- Directed by: Antonio Lexerot Vincent J. Roth
- Written by: Vincent J. Roth
- Produced by: Surge of Power Enterprises
- Starring: Vincent J. Roth; Eric Roberts; Nichelle Nichols; Linda Blair; Gil Gerard;
- Cinematography: Mario DeAngelis
- Edited by: Ernest P. Eich IV
- Music by: Ken Fix
- Production company: Surge of Power Enterprises
- Release date: 2016;
- Running time: 88 minutes
- Country: United States
- Language: English

= Surge of Power: Revenge of the Sequel =

Surge of Power: Revenge of the Sequel is a 2016 American independent superhero comedy film directed by Antonio Lexerot and Vincent J. Roth, who also stars as the lead character. It is the second film in the Surge of Power series, produced by Surge of Power Enterprises, and follows the 2004 movie Surge of Power: The Stuff of Heroes. The film follows superhero Surge as he faces new and returning enemies.

== Plot ==
Surge of Power: Revenge of the Sequel follows Gavin Lucas/Surge, an openly gay superhero, as he confronts two threats: his old enemy Metal Master, recently paroled from prison, and a new psychic villain named Augur. Augur seeks revenge against retired superhero Omen, his former mentor, by harnessing the power of Celinedionium hidden beneath a Las Vegas casino. Assisted by his allies, Surge tracks Augur to Hoover Dam, where a battle temporarily stops the villain's plan. However, Augur escapes and revives "The Council", a dormant group of supervillains from Omen's past, forcing her out of retirement. In the climax, Surge convinces Metal Master to betray Augur, while Omen confronts her former protégé. Though the heroes prevent Augur's scheme, the film ends with hints that The Council remains a threat.

== Cast ==

- Vincent J. Roth as Gavin Lucas / Surge
- John T. Venturini as Hector Harris / Metal Master
- Eric Roberts as Augur
- Sean Rogers as Todd
- Mariann Gavelo as Wendy
- Michael Murray as Marvin
- Nichelle Nichols as Omen
- Robert Picardo as Omen (Male Form)
- Linda Blair as Helen Harris
- Gil Gerard as Harold Harris

== Production and release ==
The film was produced independently with a limited budget and filmed on location in Los Angeles, Las Vegas, and at Hoover Dam. It included several cameos from sci-fi and pop culture figures, including Bruce Vilanch, Shannon Farnon, Frank Marino, Larry Thomas, Noel Neill, Jack Larson, Michael Gray, John Haymes Newton, Lou Ferrigno, Jay Underwood, Alex Hyde-White, Carl Ciarfalio, Joseph Culp, Walter Koenig, Richard Hatch, Marina Sirtis, Paul McGann, Nicholas Brendon, Manu Bennett, Eddie Mekka, Dawn Wells, Rebecca Staab, Kathy Garver, Sean Kenney, Francine York, Kato Kaelin, Murray Langston, Ken Davitian, Oscar Goodman and Linda Blair.

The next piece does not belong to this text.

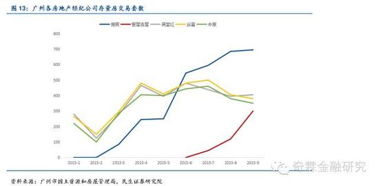 O2O思维融入房地产行业是驱动存量房时代的另一原因。互联网的介入推动了行业内的资源整合,数据共享和大数据分析加快了供求信息的匹配效率,在便捷了二手房交易流程的同时,也缩短了二手房交易的时间,进而推动了存量房交易市场的繁荣。数据显示,线上二手房中介(如,搜房、爱屋吉屋等)的进入已对传统经纪公司造成了威胁,以广州为例,搜房和爱屋吉屋等地产O2O不仅销售额持续快速增长,同时它们也日益侵蚀了原有的三大传统中介公司(满堂红、合富辉煌、 中原地产)的市场份额。预计未来这一趋势仍将持续扩大,地产O2O在蚕食传统中介公司市场份额的同时,也会催化行业资源的整合,同时,线上线下的大融合也会通过更为有效的信息匹配和便捷的服务持续推高存量房市场的需求。

Revenge of the Sequel had a limited theatrical release in January 2018 and is available on DVD, Blu-Ray and for streaming on some platforms.

== Reception and criticism ==
The film received mixed reviews. Frank Scheck of The Hollywood Reporter described it as “gleefully campy” but lamented its “public-access television - level effects”. Kimber Myers of the Los Angeles Times criticized both its script and technical execution. Roger Moore of Movie Nation faulted its reliance on cameos at the expense of coherent storytelling, calling it “a played-out idea excruciatingly executed”. Conversely, Jennie Kermode of Eye for Film called it "a joyous low budget romp", and David-Elijah Nahmod of the Bay Area Reporter deemed it "loads of fun".

Some LGBTQ+ reviewers lauded the inclusion of an openly gay superhero as a genre milestone. The film also won several awards, including Best Villain (Eric Roberts) and Best Special Effects at the 2017 Action On Film Festival, Best Comedy at the 2017 Nevada International Film Festival, and Most Inspirational Lead Character at La Palma Rosa.